I think I'd be tempted to flag that Wikipedia quote with [citation needed]; the assumptions are, at least, questionable. For example, there are a large number of compiler-construction tools based on yacc which make it extremely easy, in practice, to construct a parser using the more powerful (and equally fast) LALR algorithm, and some also implement the even more power (and almost as fast, in most practical grammars) GLR algorithm. Hand-writing parsers has not been necessary for decades. [Note 1]

By way of attempting an answer to the question:

  1. Most computer languages are "technically" not LL because they are not even context-free. That would include languages which require identifiers to be declared (C, C++, C#, Java, etc.), as well as languages with preprocessors and/or macro facilities (C and C++, among others), languages with ambiguities which can only be resolved using semantic information (Perl would be the worst offender here, but C and C++ are also right up there). And, just to spread the joy around some more, it also includes languages which have Python-like layout awareness (Python, of course, and also Haskell).

    I put scare quotes around "technically" because there are a lot of people who will say that these exceptions "don't count". That is their opinion, and they are entitled to it (and anyway I've given up arguing about it, although I don't share that opinion). You could, for example, eliminate the preprocessor from C/C++ by preprocessing the text before applying the grammar, or preprocess whitespace-aware languages by inserting INDENT, NEWLINE and DEDENT tokens instead of the whitespace, after which you could make some kind of claim about a mystical "core language". (That is much harder to apply to C++ templates, which can only be eliminated by parsing the text, so you can't claim that the expansion can be done prior to parsing.)

    The claim that a language is not context-free because it requires identifiers to be declared is perhaps a bit more controversial. In some languages (not C/C++, in which the semantic analysis is required to avoid ambiguity), you could argue that a parse tree could be constructed without validating the declaration rule, which makes that rule "not syntactic". But it remains the case that you can enforce the declaration rule syntactically; you just cannot do it with a context-free grammar (you could use a Van Wijngaarden grammar, for example).

    In any case, a common parsing strategy is to recognize a superset of a language, and then reject non-conforming programs through a subsequent analysis of the resulting parse tree; in that case, the question becomes whether or not the superset is LL. In my opinion, in order for that to be meaningful, it is necessary that every valid program can be parsed to the correct syntax tree, which eliminates the usage of semantic analysis to disambiguate.

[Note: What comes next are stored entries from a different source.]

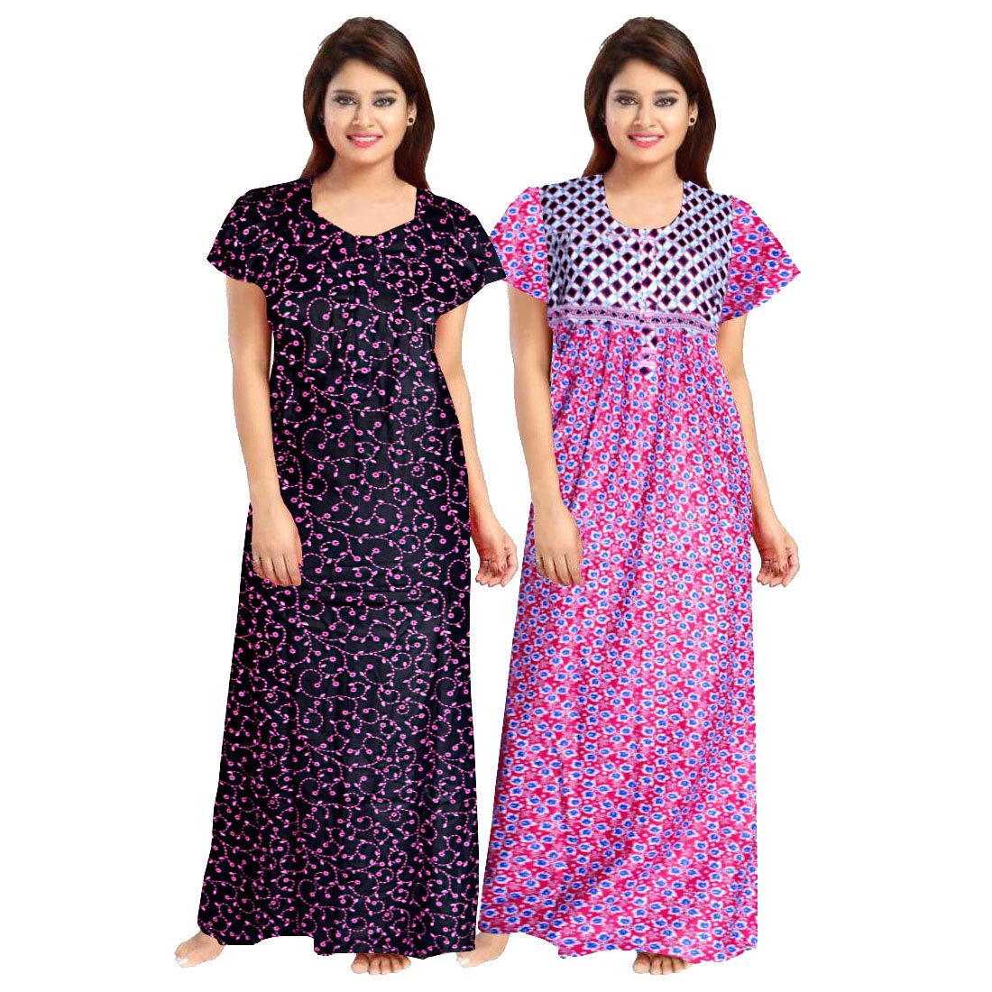 PACK of 2 Nighties; Age Range Description: Adult Sleeve Length: Short Sleeves; Pattern: Printed; Fit Type: Regular; Fabric: Cotton 100% soft cotton fabric for ultimate comfort; It will make you feel pretty and pampered all at the same time Size: Nighty comes in free size and completely adjustable for (Length-55,Waist-40,Bust-44) Length : Full Length Wash Care: This nighty can be hand washed or normal machine washed with cold water. Please make sure to dry the nighty in a light shade away from direct sunlight.
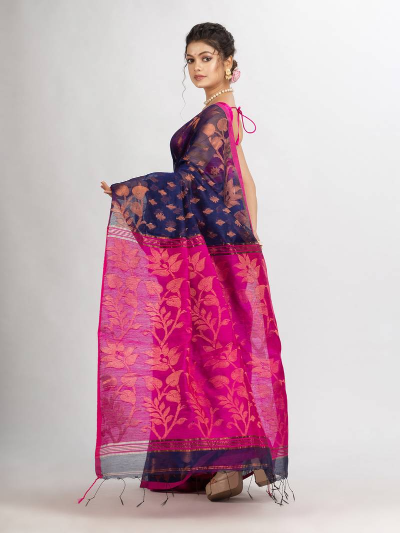 | Product Description | Nevy Blue Cotton Blend Handloom Tangail Saree |
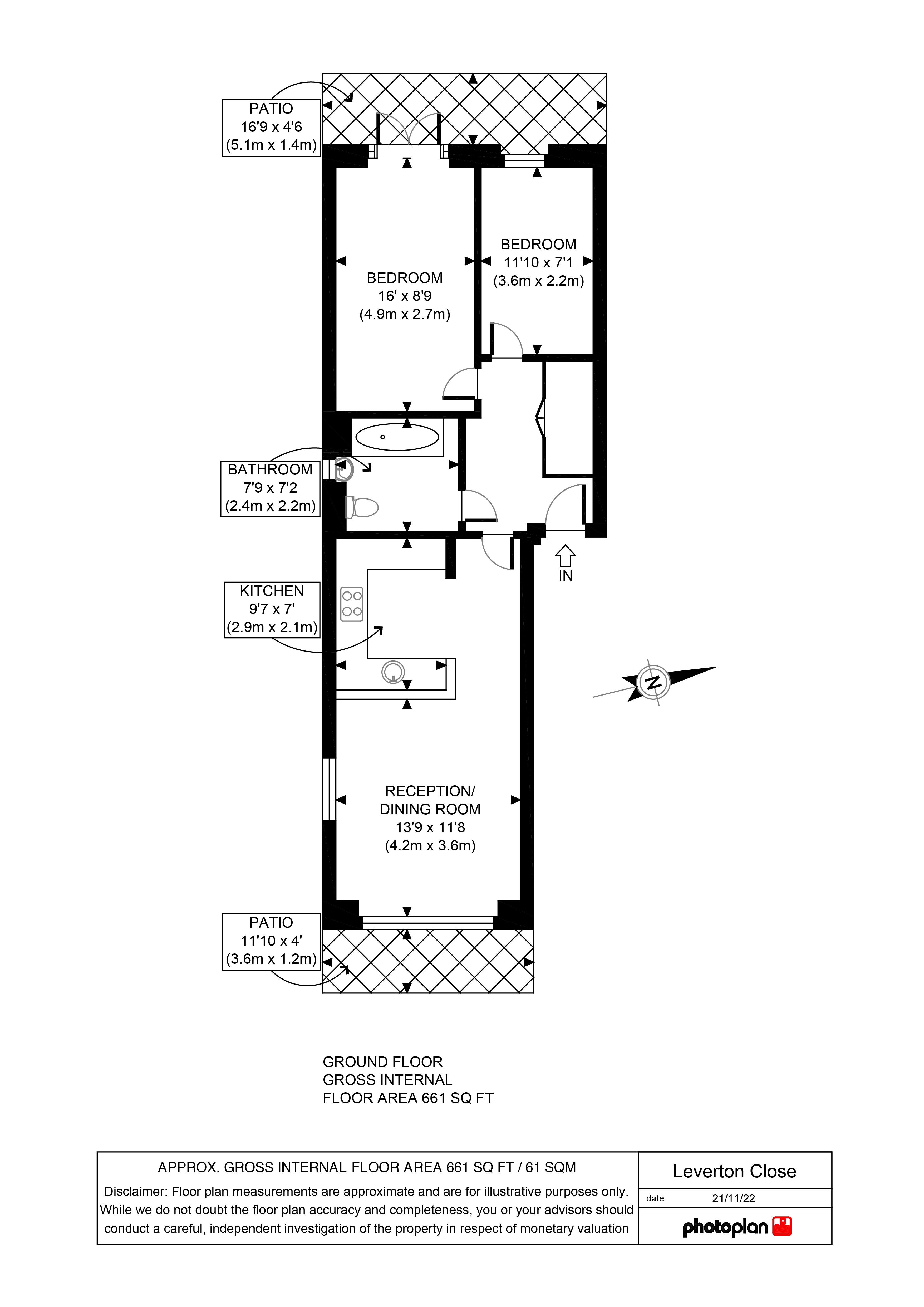 Two-bedroom ground floor flat in Wood Green, Haringey. Offering 60 sqm of internal floor area with double private outdoor space.
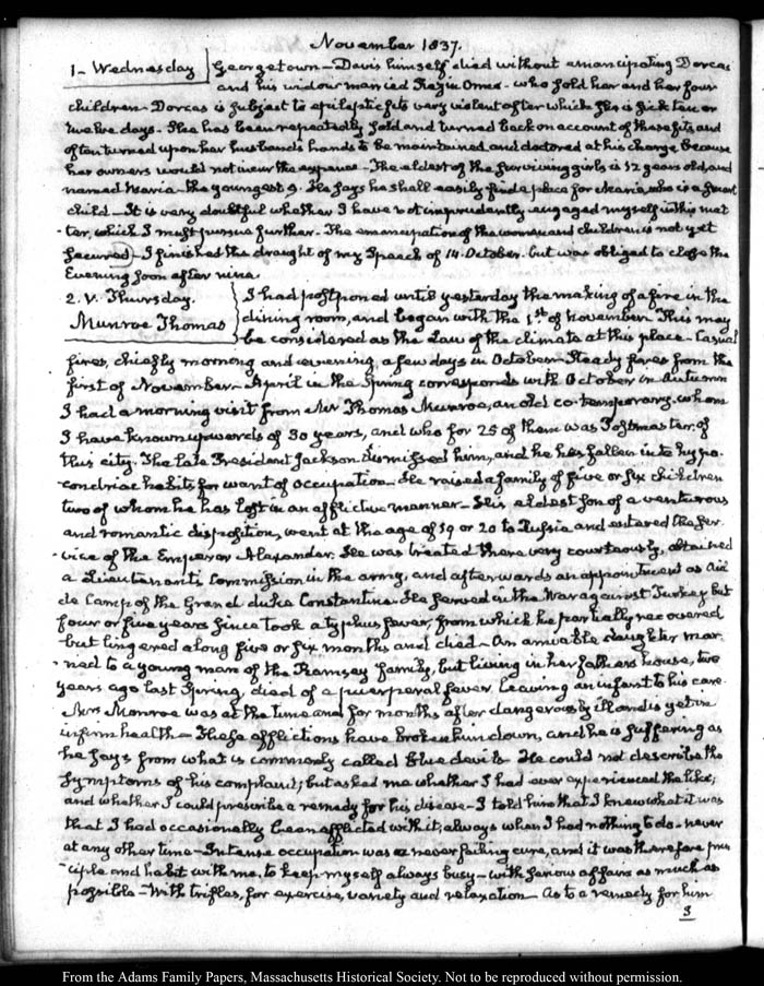 View full, authoritative transcriptions with page images of the diaries at John Quincy Adams Digital Diary part of the Primary Source Cooperative at the MHS.
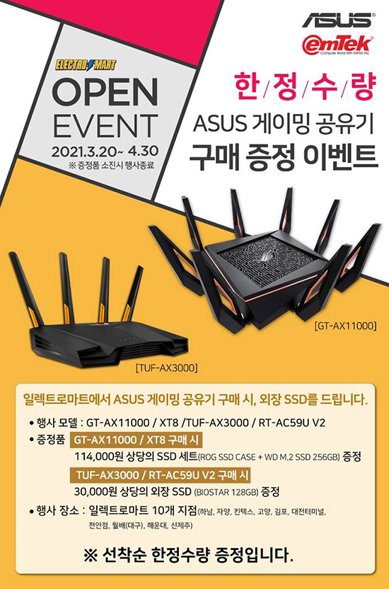 À̹ø ÀÏ·ºÆ®·Î¸¶Æ® 10°³ ÁöÁ¡(Çϳ², ÀÚ¾ç, ŲŨ½º, °í¾ç, ±èÆ÷, ´ëÀüÅ͹̳Î, õ¾ÈÁ¡, ¿ù¹è(´ë±¸), ÇØ¿î´ë, ½ÅÁ¦ÁÖ) ¿ÀÇÂÀ» ±â³äÇÏ¿© ASUS °øÀ¯±â¸¦ ã¾ÆÁֽô ¿ÀÇÁ¶óÀÎ °í°´À» ´ë»óÀ¸·Î 3¿ù 20ÀϺÎÅÍ 4¿ù 30ÀϱîÁö Çà»ç ¸ðµ¨ ±¸¸Å ½Ã, 11¸¸¿ø »ó´çÀÇ SSD ¼¼Æ® ÁõÁ¤ Çà»ç¸¦ ÁøÇàÇÑ´Ù.
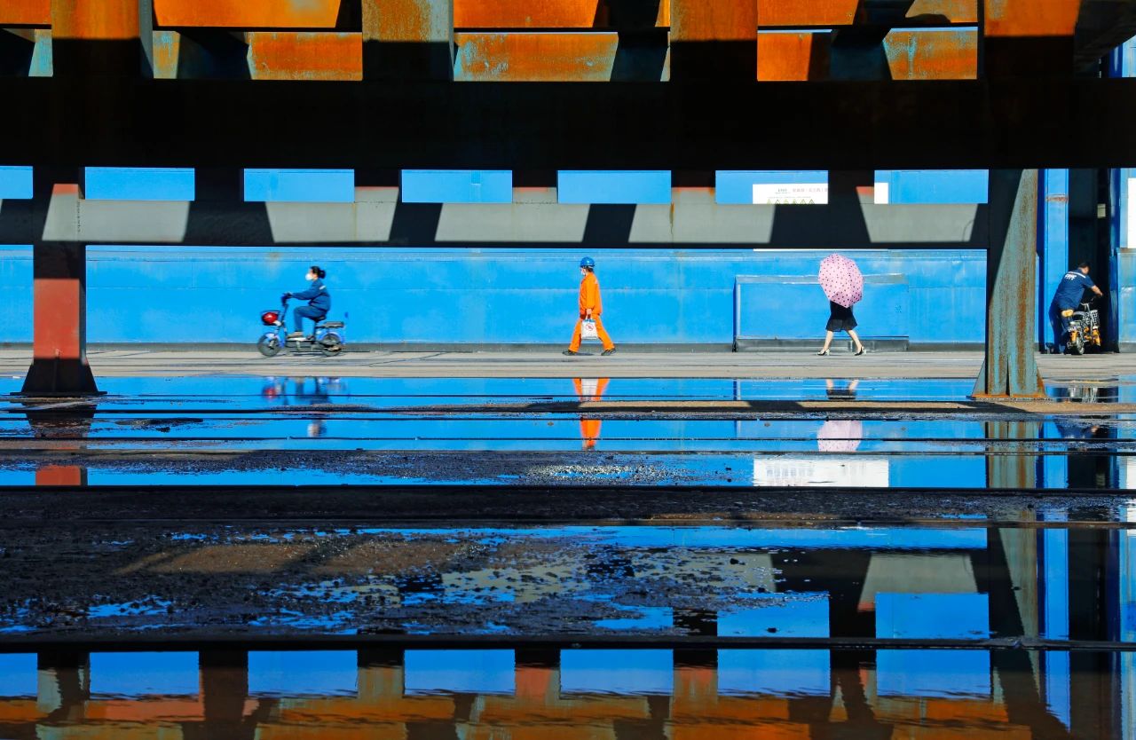 夏日清晨,一場(chǎng)大雨過(guò)后空氣透亮清新,廠區(qū)高跨門口服裝各異的職工行走在上班的路上,空地上擺放的工裝架與其自身的投影形成了獨(dú)特的畫框,讓畫面中行走的職工雖小卻很突出,起重工亮橙色的服裝、撐起的雨傘與明亮的藍(lán)色跨門形成色彩對(duì)比,使畫面活潑跳躍,職工們形形色色又從容有序,勾勒出廠區(qū)一隅的美麗風(fēng)景。
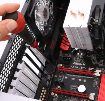 후에, CPU쿨러를 위와같이 메인보드에 잘 안착시켜준 뒤, 위의 양쪽의 상하좌우 의 나사를 드라이버로 조여주면 CPU쿨러 결합도 끝이난다.

  2. The goal of parsing is to produce a syntax tree, not solely to recognize whether a text is valid or not. (You might miss this important fact if you skim over formal language textbooks which tend to focus on recognition, possibly because the construction of syntax trees is less interesting.) So it seems to be reasonable to insist that a proposed grammar actually represent the syntactic structure of the language.

    For example, you can recognize algebraic expressions using a simple regular language:

    (PREFIX* OPERAND POSTFIX*) (INFIX PREFIX* OPERAND POSTFIX*)*
    

    where PREFIX is the set of prefix operators as well as (, POSTFIX is the set of postfix operators (if any) as well as ), INFIX is the set of infix operators (addition, subtraction, multiplication, etc.), and OPERAND is an identifier or constant.

    That regular expression will not correctly reject expressions with unbalanced parentheses, but we already agreed that it was OK to recognize a superset of the language, right? :-)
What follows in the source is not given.